Ask the Experts: Understanding the Proposed EU Packaging Regulation

The European Commission (EC) recently released a draft proposal to repeal and replace the EU Packaging Waste Directive. The draft proposal, named the EU Packaging Regulation, contains notable changes to the existing directive that aim to reduce packaging waste by 15% per capita (compared to 2018), make all packaging recyclable by 2030, and introduce mandatory targets for recycling, including the use of recycled plastics, reuse and refill, and deposit and return. The proposed regulation is the latest EU measure to promote a circular economy. 

Expected to take effect in late 2024, it’s essential for businesses to start preparing for the new regulation. Here are the answers to the top 5 questions our regulatory experts have received from Source Intelligence clients surrounding this topic: 

What is the EU Packaging Regulation draft proposal?

The EU Packaging Regulation draft proposal significantly enhances the existing EU Packaging Waste Directive. The proposal addresses several issues raised in the European Green Deal, including reducing excess packaging, improving package recyclability, and lessening the number of virgin materials utilized in new packaging. Ultimately, it supports the European Green Deal’s goal of creating a cleaner, more sustainable circular economy to achieve the ambition of zero pollution by 2050.  

What changes are being proposed in the draft regulation?

Some of the key changes relevant to the retail and consumer sectors include: 

  • A new definition of recyclability to distinguish which products can be placed on the market as ‘recyclable’ by 2030 and how modulated fees will be paid as part of the Extended Producer Responsibility scheme. 

  • A requirement for Deposit Return Schemes to be established by January 1, 2029, for all single-use plastic and aluminum beverage containers up to 3 liters. This includes an additional requirement for reusable packaging targets to be introduced by 2030. 

  • Bans of certain single-use packaging, which expands upon the Single Use Plastics Directive and introduces additional materials. 

  • Empty space ratio limits of 40%, which means that no more than 40% of the total packaging volume can be empty space—a larger-than-necessary box filled with bubble wrap, for example. 

  • Mandatory inclusion rates of recycled content in new plastic packaging by unit. 

  • Consistency of mandatory EU symbols for use on packaging (to advise on reusability) and waste bins (to assist with sorting). 
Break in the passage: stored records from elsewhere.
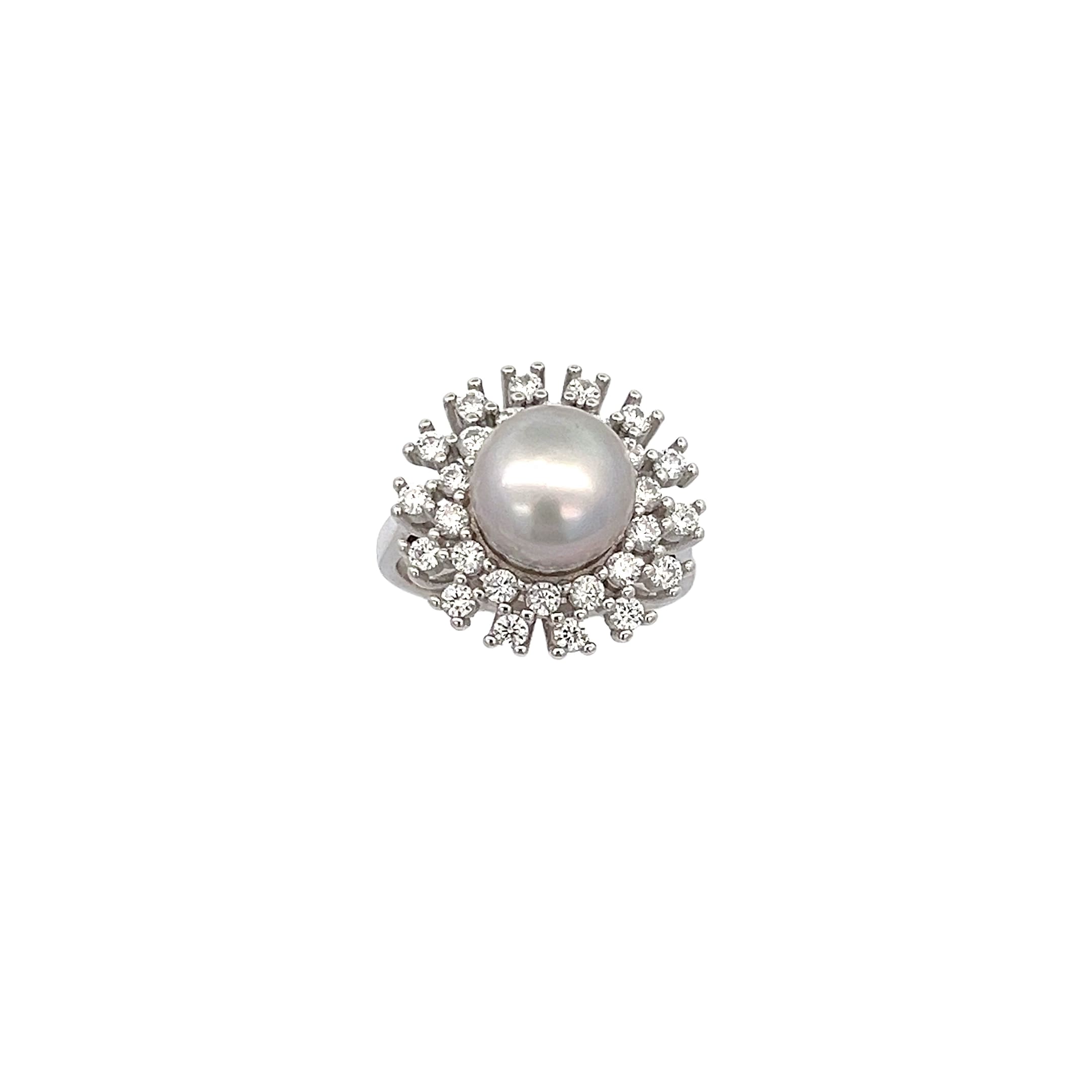 A pearl-centred masterpiece crowned in a halo of glistening stones.
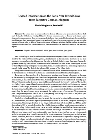 Mărginean, Florin and Gáll, Erwin (2025) Revised Information on the Early Avar Period Grave from Sânpetru German-Magazin. ZIRIDAVA : STUDIA ARCHAEOLOGICA, 39. pp. 67-76. ISSN 2392-8786
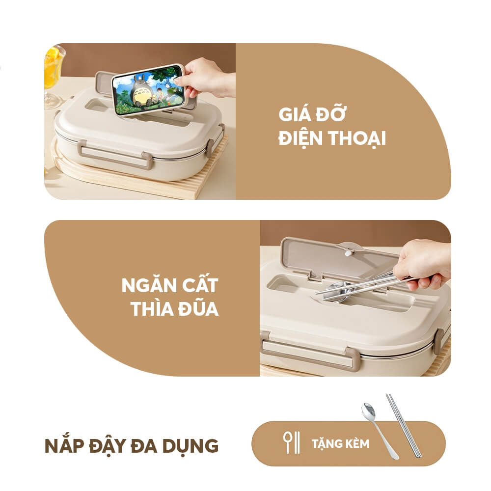 Khe đựng đũa ẩn được đặt trên nắp hộp ăn, thuận tiện cho việc đựng thìa, đũa.
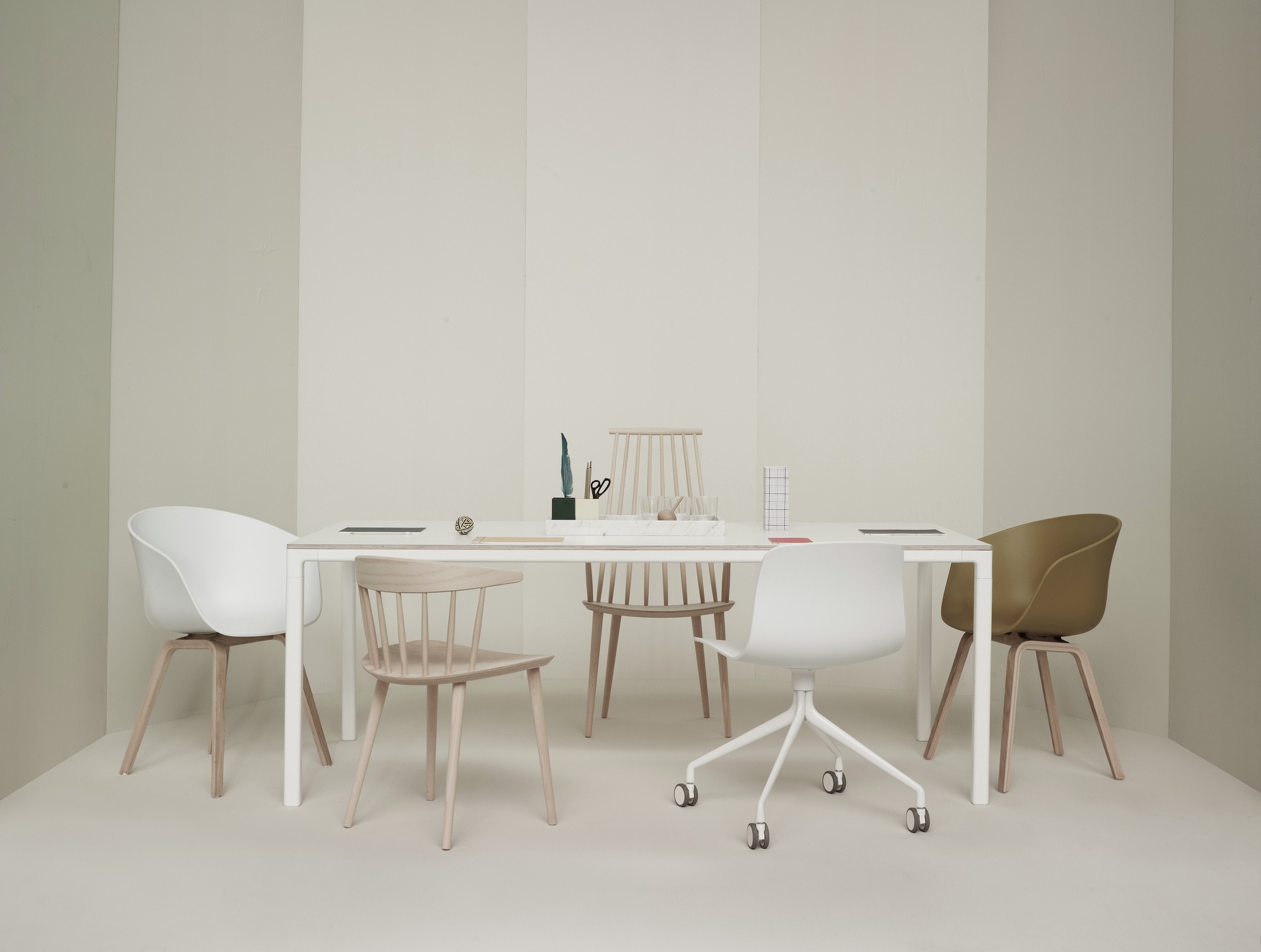 DAW-utgaven m/armlene har spisebordhøyde og tre-understell i Lønn og sorte stål-detaljer. Stolskallet fåes i en rekke delikate farger.
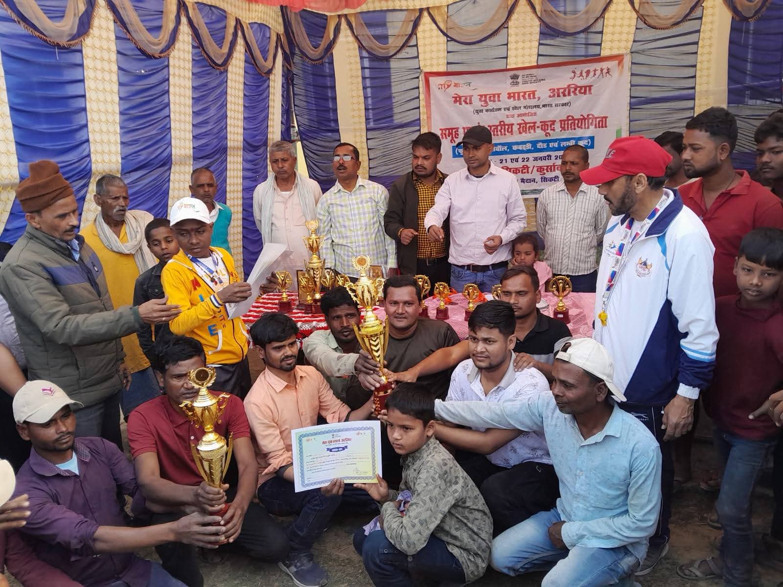 आवेश आलम अररिया। Araria News: सियासत की गलियों से इतर अब खेल के मैदानों में भी अररिया के युवा अपनी प्रतिभा का परचम लहरा रहे हैं, जहां माटी की महक के बीच भविष्य के सितारे तराशे जा रहे हैं। सिकटी प्रखंड के भिड़भिड़ी पंचायत में युवा कार्यक्रम एवं खेल मंत्रालय के ‘माय भारत’ अभियान के तहत एक भव्य प्रखंड स्तरीय खेलकूद प्रतियोगिता का आयोजन किया गया। इस कार्यक्रम का मुख्य उद्देश्य ग्रामीण युवाओं को एक मंच प्रदान करना था ताकि उनकी छिपी हुई प्रतिभा को निखारा जा सके। आप पढ़ रहे हैं देशज टाइम्स बिहार का N0.1।
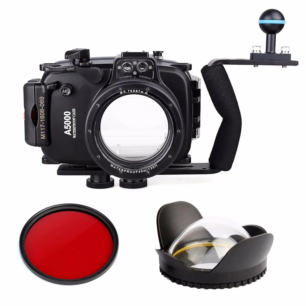40m 130ft Waterproof Underwater Diving Camera Case For Sony A5000 16 50mm Diving Handle Fisheye Lens Dome Port Filter In Camera Video Bags From

  • The mandatory addition of QR codes to packaging, providing customers with information about the product’s packaging reusability and assisting customers in identifying recycling collection points. 

It is worth noting that this proposal is only the initial draft, and amendments are to be expected in the future. Amendments are likely to be based on consultation feedback from affected businesses, industry groups, and non-governmental organizations, such as compliance schemes. Public consultation on the proposed draft is open until January 26, 2023. 

Will the EU Packaging Regulation repeal the EU Packaging Waste Directive?

Yes—the Packaging Waste Directive will be repealed once the Packaging Regulation is enacted, which is currently estimated to occur in late 2024. The regulation will apply to all EU Member States without the need to transpose into local legislation (which is currently the case under the Waste Directive). This European-wide application will improve packaging waste legislation consistency across the EU, as well as amend sections of the Market Surveillance Regulation and the Single Use Plastics Directive. 

Which businesses are within the scope of the EU Packaging Regulation, and how will they be impacted?

EU-based businesses, as well as businesses that import packaging into the EU, will be affected. The measures set in the draft proposal equally apply to domestic and imported products. This will benefit EU importers, such as the U.S., Canada, and South Korea, by eliminating the need to comply with the differing requirements of individual member states. 

What can businesses do to prepare for this new regulation?

It is recommended that businesses familiarize themselves with the draft proposal and stay informed of any amendments. From a practical standpoint, businesses can take the following steps: 

  • Establish a comprehensive range of sustainability metrics and survey packaging suppliers on the criteria.  
  • Use this as a learning opportunity in procurement strategy and engage with switched-on suppliers who are readily focused on making improvements. 
  • Investigate design alternatives to prepare products or packaging for reuse/refill targets and identify additional enhancements that can be made in the design stage. 
  • Engage with compliance schemes and industry professionals to gain a better understanding of packaging and recycling improvements. 
  • Establish systems that allow companies to develop in-depth knowledge of the composition of their product and/or packaging data.

The emphasis on creating a circular economy in the EU has never been stronger, and taking the appropriate steps toward achieving these goals now will ensure a smooth transition in the future.